If an MPDG is an enigmatic woman who appears on screen to help the male protagonist get to know himself before he flies off into non-existence, then it’s safe to say that Hollywood views the Smiths as the ultimate maniac pixie dream band. After all, the Smiths were an elusive, poetic band who came onto the scene to help save pop music and left too soon for us to fully understand who they were as musicians. It’s a perfect couple, a dreamy indie band with these dreamy indie girls, right?
Well not really. This line of thinking is far from the truth. Although pop culture wants “hipster” to be the defining term for the Smiths, the phrase “problematic” is a much more honest portrayal of the group.

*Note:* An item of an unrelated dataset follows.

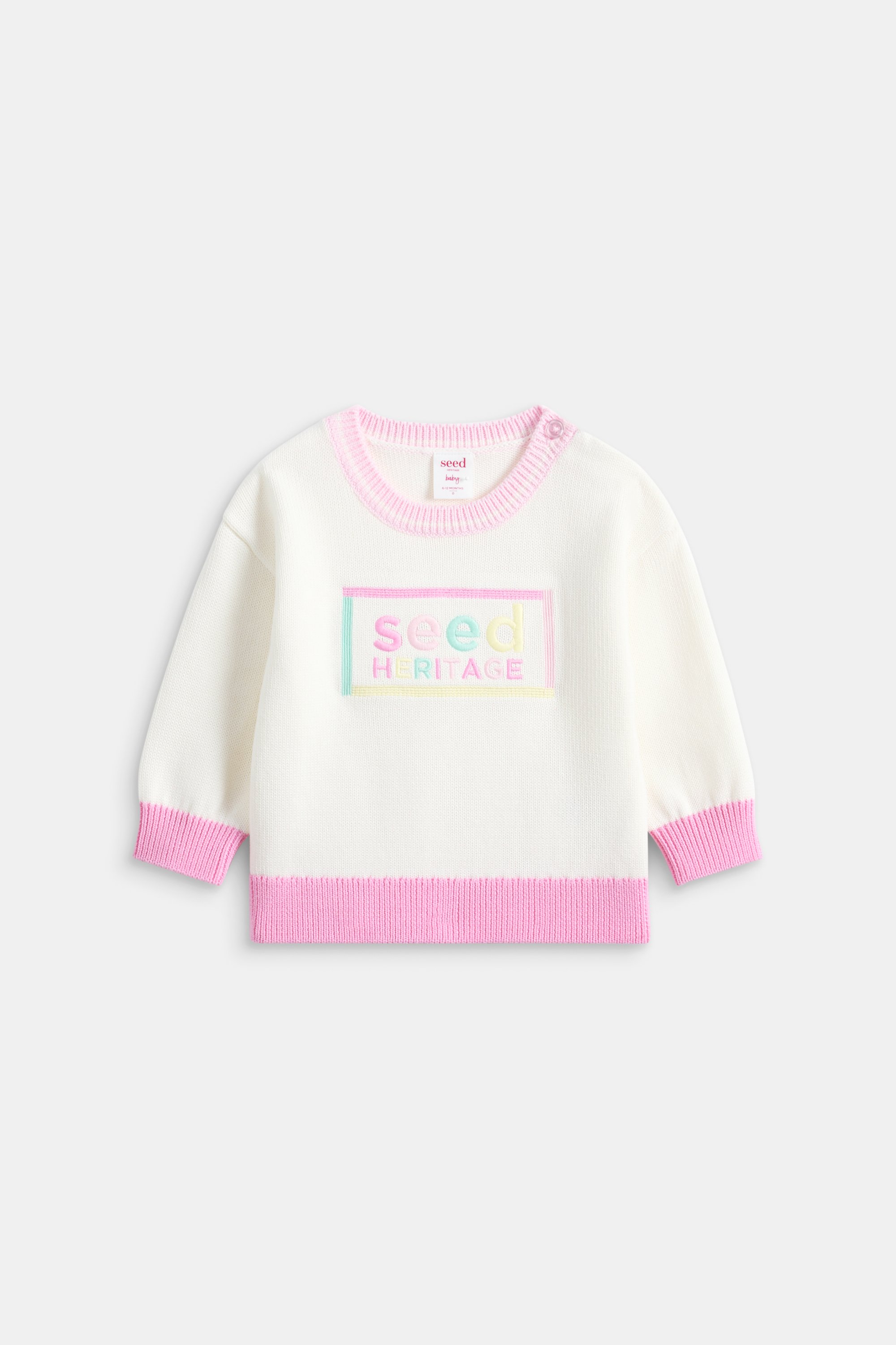 Add some colour and fun to her everyday wardrobe with this adorable retro sweater. Crafted in premium cotton with a soft knit finish, it features a round neck with a contrast collar, long sleeves and a colourful embroidered Seed Heritage logo.
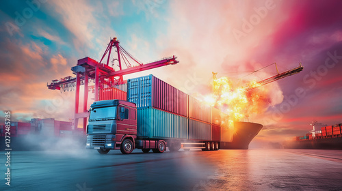 Container truck in ship port for business Logistics and transportation of Container Cargo ship and Cargo plane with working crane bridge in shipyard at sunrise, logistic import export and transport

Morrissey has never redacted or apologized for any of his profanity comments, indicating that he is not trying to portray himself as anything close to political correctness. The disparity between pop culture’s perception of the Smiths versus their reality has nothing to do with delusional deception but rather a collective desire to value how we want to see the Smiths over reality. Many fans openly acknowledge this error, with some band reviews for the Smiths beginning with warnings that ask the reader to ignore Morrissey’s insensitive remarks.
Since the group split in 1987, frontman Morrissey has done all but disappear. Over the years, he has made an endless amount of politically and racially insensitive commentary, voicing his support for a far-right anti-Islam British political party and making violent statements regarding veganism, as seen in his performance of 2009 at Coachella.
When we allow ourselves to make personal connections to the music, it’s often easier to separate the artists from what we listen to. We all do this to some degree, even if it’s a subconscious decision; most of our favorite songs rely much more on our individualized memories than on the biographical backstory of the artist.
But when it comes to political and racial insensitivities, how truly can we separate the artist from our personal connection to the art? For the Smiths, is the “cool hipster” image more accurate than what they represent culturally? Or do the words and actions of the artist themselves always reveal an indisputable truth about what lies behind the music?
For me, the pleasure of listening to music has always been a combination of my own experiences and my cultivated relationship with the artist themselves. So, yes: “When is it now?” has been on my running playlist since 2016 and remains featured today. But, more often than not, I find my finger hesitantly on the “jump” button whenever I hear the opening guitar riff.
My choices : “This charming man” “half a person,” “Please, please, please let me get what I want,” “Sleeping.”
Editor’s note: This article is a review and contains subjective opinions, reflections and criticisms.